My 'favourite' configuration is number 108 - Flat, Complete Link clustering with a 0.6 similarity threshold and a title weight of x19, and no weight on the leading text. This gives only 6 false positives and has an excellent purity score - NMI is around 0.28, one of the higher values.
You may notice that none of the configurations use agglomerative clustering. This is because in the time it took for 16 tests using flat clustering, one full agglomerative test over the 415 articles wasn't even finished. In other words, it's incredibly slow - so slow that I certainly will not be using it in the final system, since a requirement is to update frequently. If this is how long it takes over 415 articles, what about 1200 (the local corpus) or 7000 (the corpus on the server).
Later on I will probably run a agglomerative tests for measurable proof but only if there's time.
In the meantime, I've run the clusterer over the 1200 locally-stored articles and will soon work on some pretty graphs and measures for them. Until then, adios!
Monitoring the Feeds
I've finally finished the RSS Parsing & HTML Parsing section of the project. Since about 0:00 this morning (26/01/2010) the system has collected 180 unique articles from the Daily Mail, the Guardian, the Telegraph and the Express.

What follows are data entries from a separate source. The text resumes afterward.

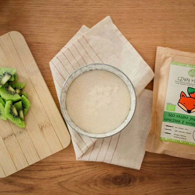 Skład: ekologiczna kaszka jaglana (40%), ekologiczna kaszka gryczana (30%), ekologiczna z amarantusa (30%)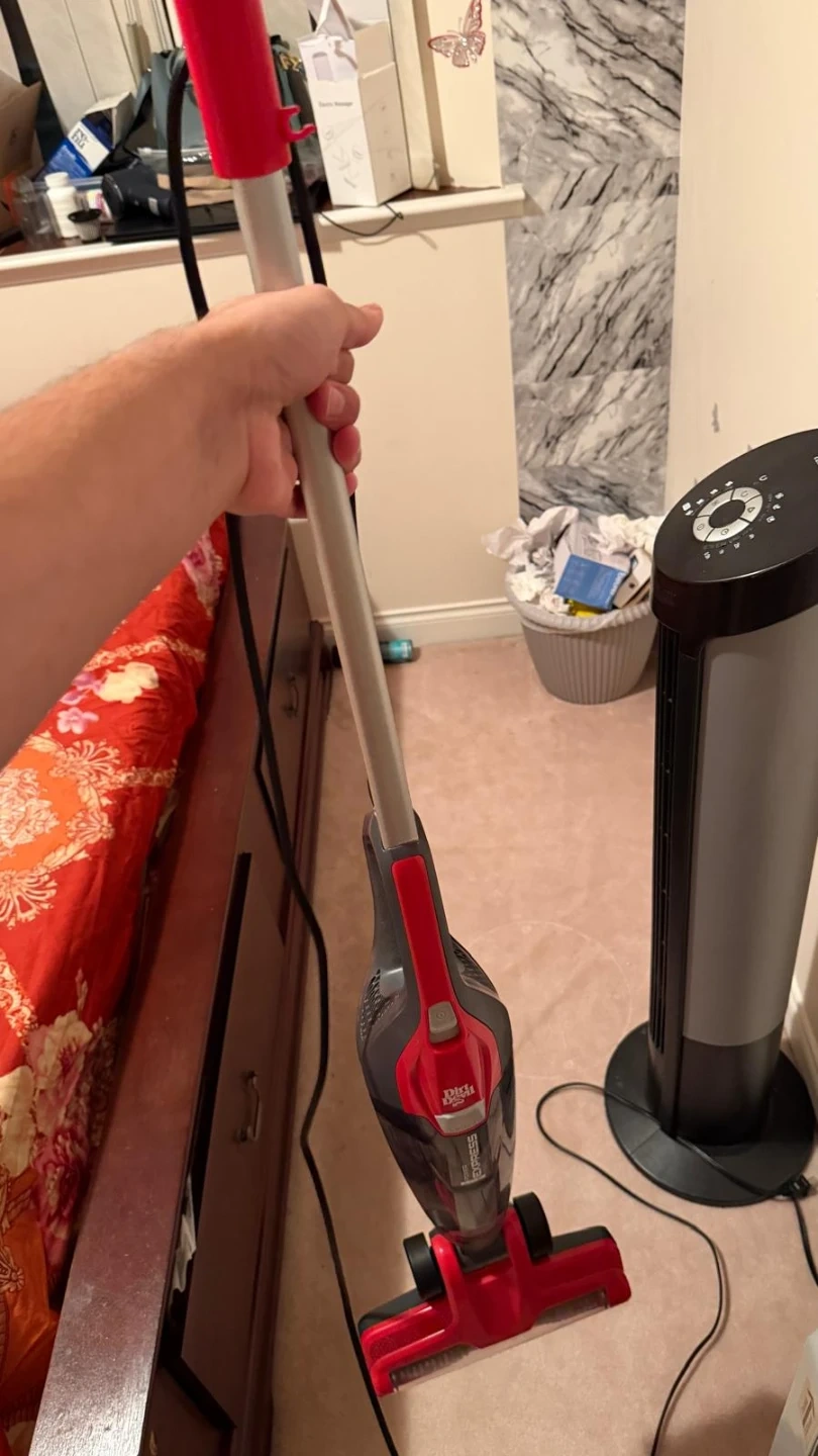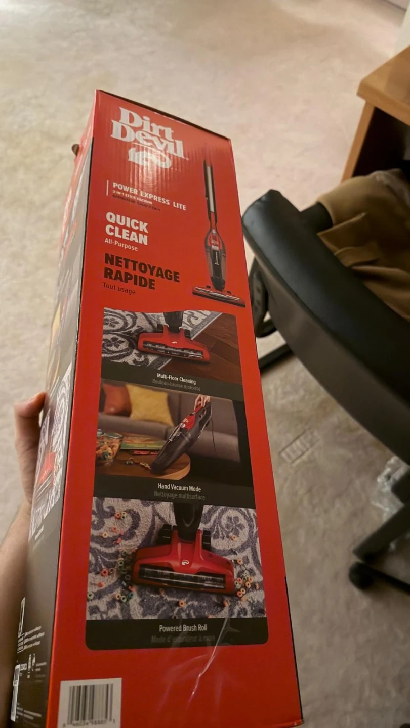 This is a Dirt Devil Power Express Lite corded vacuum. It's designed for quick, all-purpose cleaning and features a powered brush roll. It can be used for multi-floor cleaning and as a hand vacuum.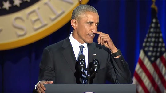 Во время прощальной речи перед нацией американского президента Барака Обаму начали душить слезы. Он столь сильно расчувствовался, благодаря свою семью за поддержку и заслуги перед Отечеством, что глаза его неоднократно увлажнялись. Видео опубликовано на сайте youtube.com пользователем Reflect.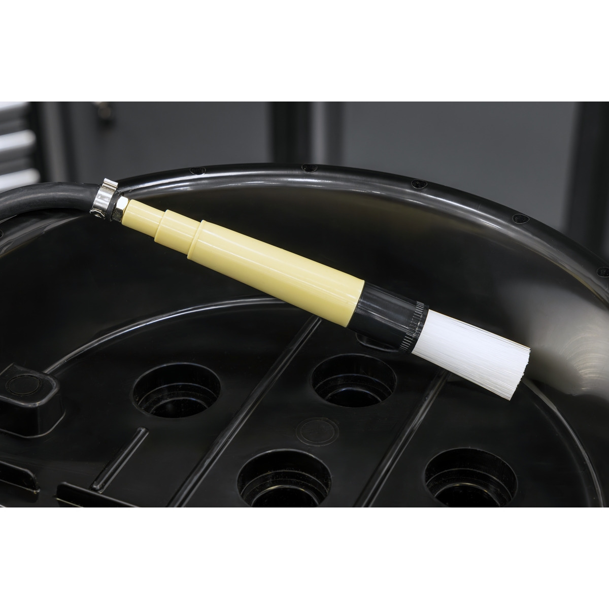 PORTABLE - Lightweight and easy to move around the garage. EFFECTIVE - Great for parts cleaning with any non-corrosive, water-based cleaning solutions. ADAPTABLE - Simple to use with any 14L bucket, such as Sealey Model No. BM16 (bucket not included). DIVERSE - For degreasing and cleaning small parts and tools with the hard bristle brush. EFFICIENT - Unique channel drainage system to catch waste material and the variable speed pump sits in the bucket.
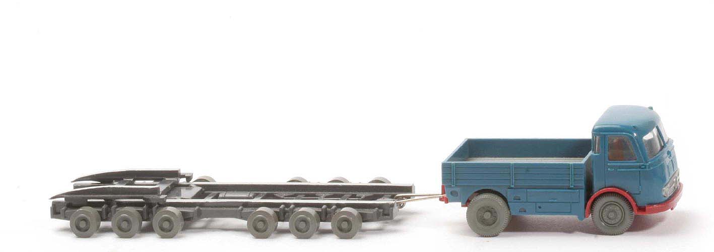 | Zugmaschine | Kabine Farbe | azurblau | Fenstersteg | breit | Fixierung Reserverad | mit | Verglasung | klar | Inneneinrichtung | hellbraunrot | Grill | silbern eingesetzt | Chassis | hellbraunrot | Bodenprägung | WM, Made in Germany | hintere Stoßstange links | mit | Zughaken | mit | hintere Stoßstange rechts | mit | Pritsche | azurblau | Pritscheneinlage -Typ | Längsverbretterung, 12-geteilt | Pritscheneinlage - Farbe | silbern | Räder | 10-Loch, hellgrau | Ladegut | ohne | | Anhänger | Farbe | anthrazit | Bodenprägung | nur WM im Kreis | Bremsplatte | Fläche glatt | Bemalung | Gleise silbern | Deichsel | Metall | Räder | Walzenräder, 7,8mm o. Profil | Farbe Räder | basaltgrau |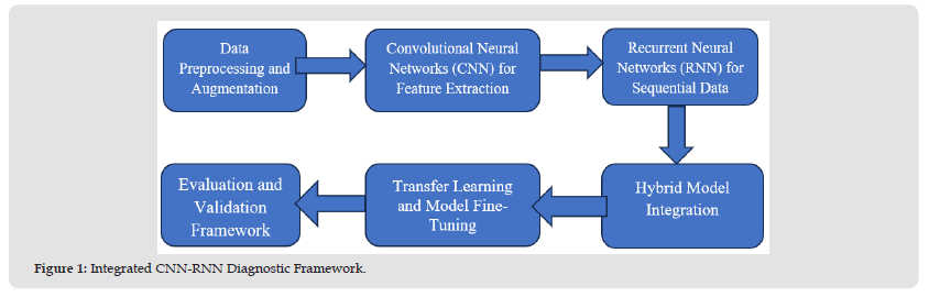 Additionally, adapting techniques from network data analysis and sentiment analysis to medical data will require modifications in preprocessing and feature extraction methods, ensuring their relevance and effectiveness in healthcare diagnostics [15-21]. By integrating these advanced techniques, the proposed architecture aims to enhance overall diagnostic performance, addressing the common drawbacks identified in existing systems and providing a robust framework for future medical diagnostic applications [3,4,6,7]. Figure 1 presents the structure of the Integrated CNN-RNN Diagnostic Framework, which aims to boost the adaptability and efficiency of deep learning models in medical diagnostics. The initial component, Data Preprocessing and Augmentation, is crucial for preparing raw medical data. This process involves cleaning, normalizing, and transforming data into a format suitable for model training. Techniques like rotating, scaling, and flipping images enhance the dataset's diversity, thereby improving the model's ability to generalize across various medical conditions. Ensuring the data is consistent and comprehensive is vital for effective training and reliable diagnostic results [1-2]. The framework then employs Convolutional Neural Networks (CNN) for Feature Extraction, focusing on spatial data analysis essential for interpreting medical images such as X-rays and MRIs. CNNs use layers of convolutions, pooling, and activation functions to identify diagnostic patterns and features, making them highly effective in detecting anomalies in medical imaging [3-4].
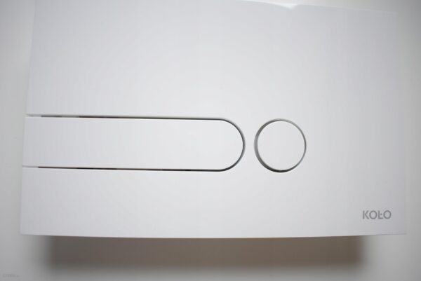 Przycisk do stelaża Slim iplate marki Koło. Jest to dwudzielny przycisk przeznaczony do kompletowania ze stelażem podtynkowym Slim. Wykończenie w kolorze białym idealnie komponuje się z niemal każdym stylem aranżacji łazienki.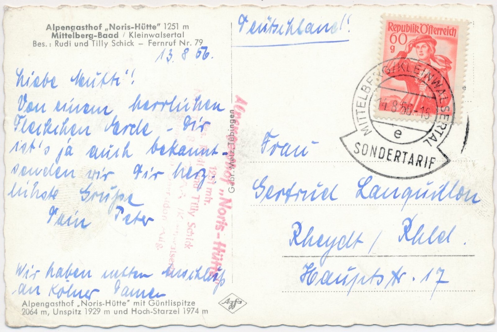 AK, Alpengasthof Noris Hütte, Mittelberg-Baad, Vorarlberg (S346)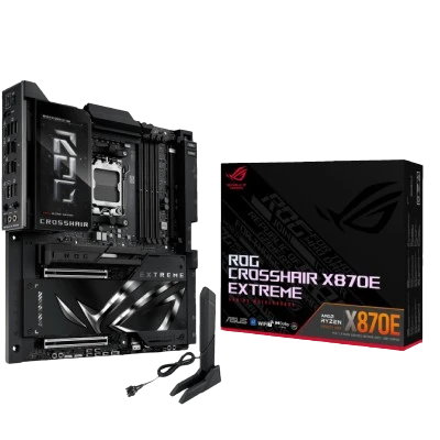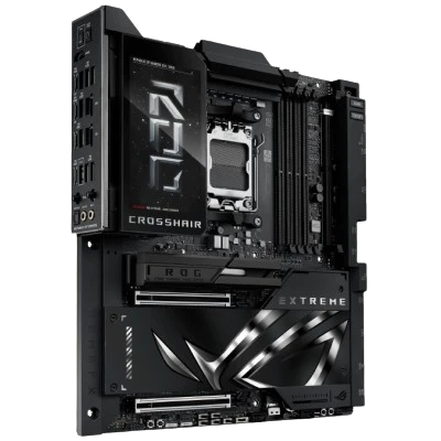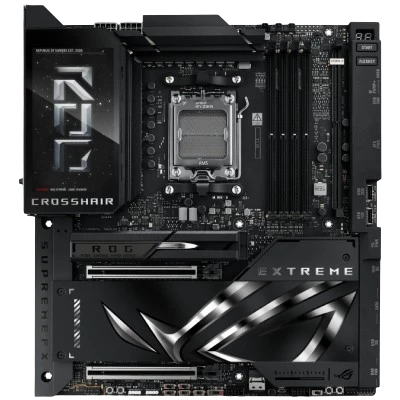 The ROG Crosshair X870E Extreme is the flagship AMD Ryzen™ 9000 series motherboard, designed for the most discerning users. It provides the ultimate foundation for AM5 CPUs, DDR5 memory, and PCIe® 5.0 components to ensure maximum performance and future-readiness. Its comprehensive connectivity includes USB4®, and the integrated 5-inch LCD offers a unique way to monitor system performance or add a touch of personalized style.

I'm going to self-cluster these articles as they come in and soon enough will begin developing the modular system which represents articles as (for the time being, just) vectors, and the methods needed to compare and cluster them. Then accuracy can be measured, settings tweaked and algorithms debugged until I find the best configuration.
After that, the mammoth task of just letting it run for ages begins, while in the meantime I a) begin a report about this crazy adventure and b) work on some rad visualisations for the data collected.
That's the plan at least. Wish me luck!